Good comment - there are two places I disagree with you:

1) See the hedonic treadmill theory[0]. You could point to someone, relatively
speaking, who is on top of the world. But they are still unhappy. Why is this?
It's sometimes theorized that we are at a "set point" in happiness, and while
we can run faster on the treadmill, or slow down on the treadmill from time to
time, we are stuck at this set level of happiness.

2) Surely the vast majority of the developed western world is not at a lack
for "basic needs", but why is there so much anger and despair? Because I
believe you might be missing more of the "basic needs" than just Food and
Water. See Maslow's hierarchy of needs[1]. While it is also theory which has
arguments against it, it utilizes a more comprehensive definition of "needs."

Surely there are many people in the western world who lack psychological
stability or lack companionship.

> All of the needs of your friends and family are met.

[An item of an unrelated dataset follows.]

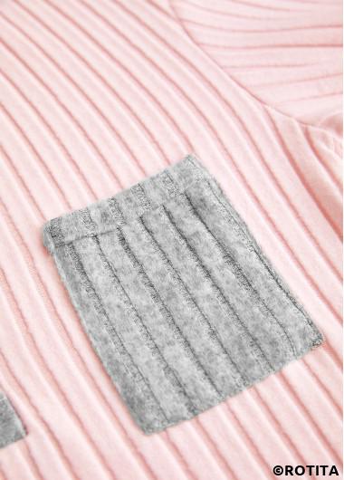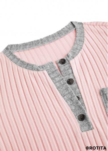 ROTITA Button Light Pink Split Neck Long Sleeve Sweatshirt

 _You will need to define "needs"_ because IMHO, that is not true. I have
relatives who are veterans of war, friends who have had psychotic breaks,
friends who have everything they need but something just doesn't "click" with
them.

[0][https://en.wikipedia.org/wiki/Hedonic_treadmill](https://en.wikipedia.org/wiki/Hedonic_treadmill)
[1]
[https://en.wikipedia.org/wiki/Maslow%27s_hierarchy_of_needs](https://en.wikipedia.org/wiki/Maslow%27s_hierarchy_of_needs)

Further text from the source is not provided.